While Jessica Chastain (and to a lesser extent Coster-Waldau) might garner the majority of the critics plaudits for their work here, the film really belongs to the two young girls, particularly Megan Charpentier’s Victoria, the older of the two Desange kids. Without their creepy, adult-level performances, Mama would have sunk like a stone. Charpentier delivers a suitably fragile and tormented child, developing an attachment to Annabel that will mean her rebuttal of Mama’s affections, and it’s around her that a lot of the film’s eventual sympathetic streak revolves. Her relationship with Chastain’s Annabel isn’t as well developed as I’d like, considering the time between the girls’ abandonment and their discovery at the cabin, because it seems that she drops Mama’s affections like a hot rock as soon as Annabel even shows a sign of motherly love, but I guess for a film like this it’s an acceptable convention. Isabelle Nilesse, as the younger Lilly, gets to be the monkey child of the pair, with her limited vocabulary and skitterish, creature-like movements making everyone a little bit uncomfortable, and she does a great job considering the circumstances.
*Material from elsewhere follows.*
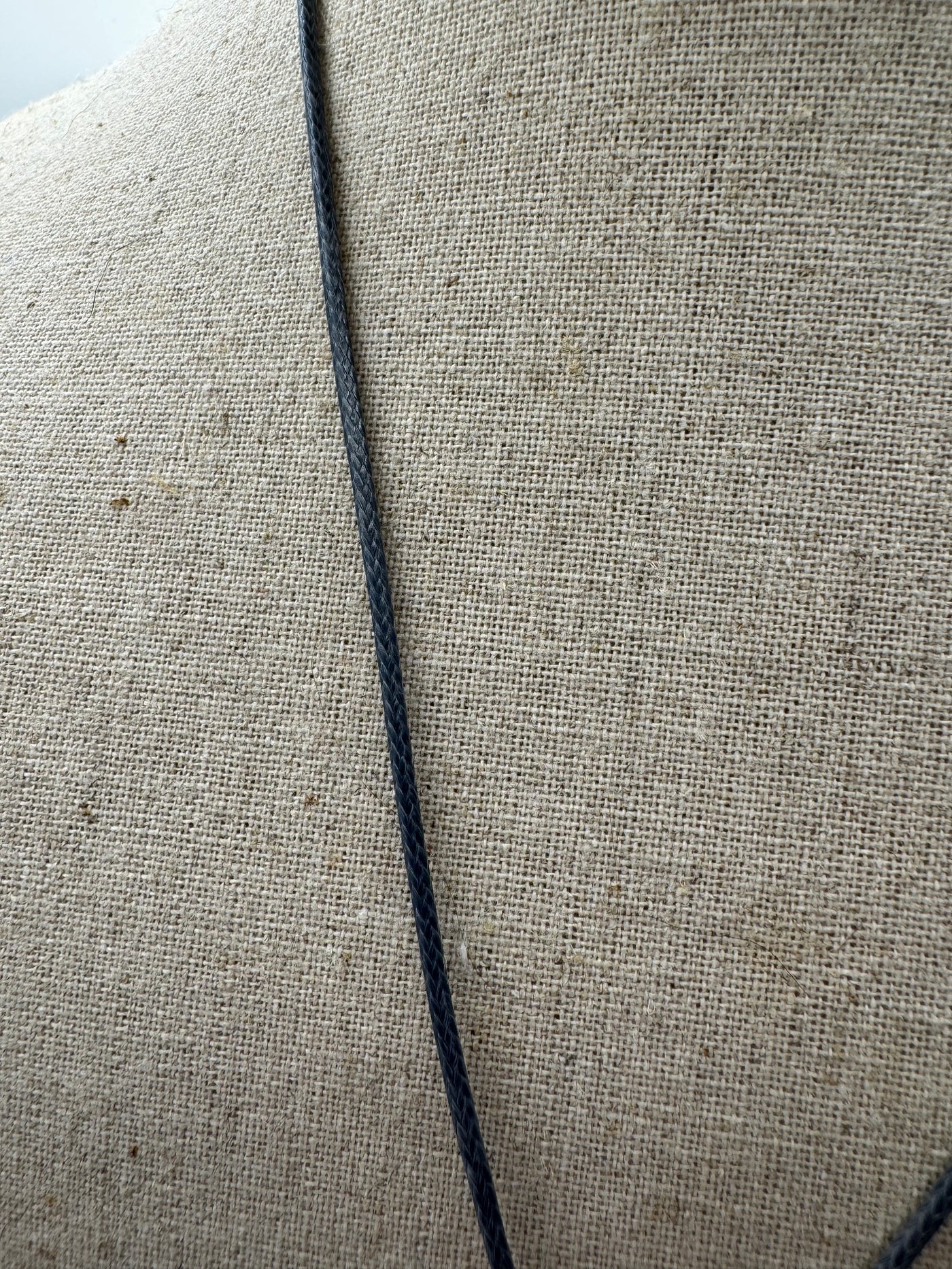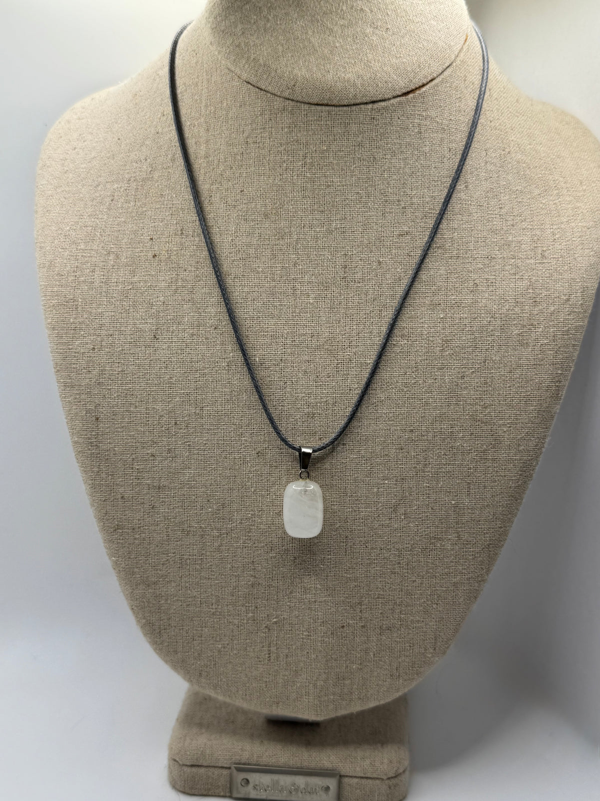 A clean, modern accent with subtle texture. This white stone bar pendant necklace features a softly polished rectangular stone suspended from a braided charcoal cord. The neutral palette and minimal silhouette make it an effortless everyday piece that feels refined without trying too hard.

Her role isn’t the primary one (and it probably should have been, considering the outcome!) but between her and Charpentier, they anchor the film’s pervading sense of reticent family ties.
One gets the sense that Mama feels a lot like an homage to other genre films, and if there’s a key issue to be stated, it’s probably that. The film delivers a few good scares, plenty of atmospheric visuals that will creep you out nicely, and a typically nonsensical plot that interweaves light-weight character development with nightmarish portent; the story wears out its welcome rather quickly after Mama appears on the scene, really, transitioning from thoroughly creepy Lost Children concept to bog-standard Vengeful Ghost routine. If you enjoy that kind of thing, this film will deliver plenty of thrills and scares, and I guess even if you don’t enjoy a good scare or three, you’ll be thankful it’s not one of those gore-filled bloodbaths so many films seem to want to be. It’s entirely unoriginal, but Mama definitely worth a look.